Knowing that she wouldn't stop until she got an answer from me I said,
“Paint the walls purple.” 

As far as I was concerned, it didn't matter what color the walls were. I
wasn't going to be studying the walls when I was in my study. 

Looking at me for a moment, she finally said, "Okay, I'll paint it
white." 

I'm beginning to learn how to solve problems in our house. 

Color doesn't mean very much to me. When I get dressed Sunday morning,
my wife is very concerned that my tie matches my suit, and my suit 
matches my shoes as far as the color aspect is concerned. 

To me, the only thing that counts is, does it fit? 

It finally came down on me the other day. We were doing our final
shopping for Christmas, and I still had a couple of gifts to purchase, 
and she had a shopping cart full of gifts to buy. 

We were just about done when I remembered a present I wanted to get, and
I had completely forgotten about it. So I asked my wife, who was the 
chauffeur at the time, if she could stop at a store so that I could go 
in and get my final Christmas gift. I was almost exhausted, but this 
was the end. 

She parked in the parking lot, and as I got out, I said, "I won't be
long." 

I did not pay attention to the parking lot as I left the car and went
into the store. I have no reason to check it out and evaluate every 
vehicle on that parking lot. The only thing on my mind was to go in, 
purchase my gift, get out, back into the car and go home. 

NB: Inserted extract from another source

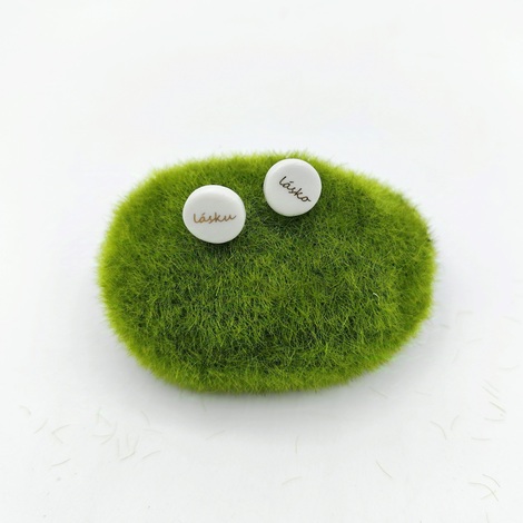 Bílé porcelánové náušnice zdobené zlatým motivem se zapínáním z chirurgické oceli.

I do know the car my wife has is red. That's about as far as I can go
with that. So, when I left the shopping store, I was looking for a red 
car. 

It seemed like an effortless thing to do, but as I looked up and down
the parking lot, there must've been thousands of red cars. Not quite, 
but it seemed that way. From my perspective, they all looked alike. I 
could not remember what kind of car my wife had, only that it was red. 
The fact that I remembered it was red was something. 

I went to the first red car, there was nobody there and the doors were
locked, so I went to several others. I could not find the Gracious 
Mistress of the Parsonage. I was almost tempted to phone in a missing 
person's alert; perhaps the police could find her better than me. 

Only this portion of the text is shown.